───── DATA SECTION

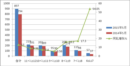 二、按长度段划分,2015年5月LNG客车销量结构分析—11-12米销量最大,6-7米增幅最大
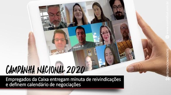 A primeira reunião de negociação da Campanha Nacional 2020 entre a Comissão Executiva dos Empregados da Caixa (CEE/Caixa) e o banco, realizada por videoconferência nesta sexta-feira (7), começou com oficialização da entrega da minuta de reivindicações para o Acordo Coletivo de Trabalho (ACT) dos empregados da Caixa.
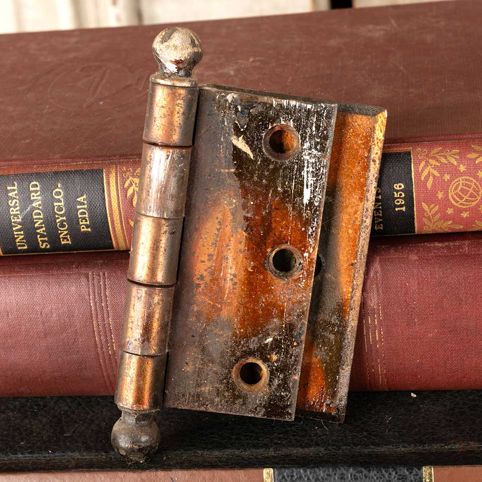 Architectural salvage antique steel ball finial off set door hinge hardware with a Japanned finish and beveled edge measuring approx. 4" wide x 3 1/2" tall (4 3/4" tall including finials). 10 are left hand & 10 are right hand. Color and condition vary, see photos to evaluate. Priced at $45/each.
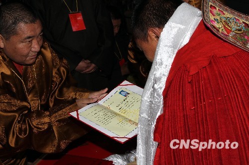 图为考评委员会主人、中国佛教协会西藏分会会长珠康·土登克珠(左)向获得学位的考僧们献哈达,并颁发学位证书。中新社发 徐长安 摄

──────────

### [TASK REQUIREMENTS]
Write out exactly the lines above, from the very first through the line containing "A primeira reunião", both kept, with the pictures removed.

### [THE COMPLETED TASK]
 二、按长度段划分,2015年5月LNG客车销量结构分析—11-12米销量最大,6-7米增幅最大
 A primeira reunião de negociação da Campanha Nacional 2020 entre a Comissão Executiva dos Empregados da Caixa (CEE/Caixa) e o banco, realizada por videoconferência nesta sexta-feira (7), começou com oficialização da entrega da minuta de reivindicações para o Acordo Coletivo de Trabalho (ACT) dos empregados da Caixa.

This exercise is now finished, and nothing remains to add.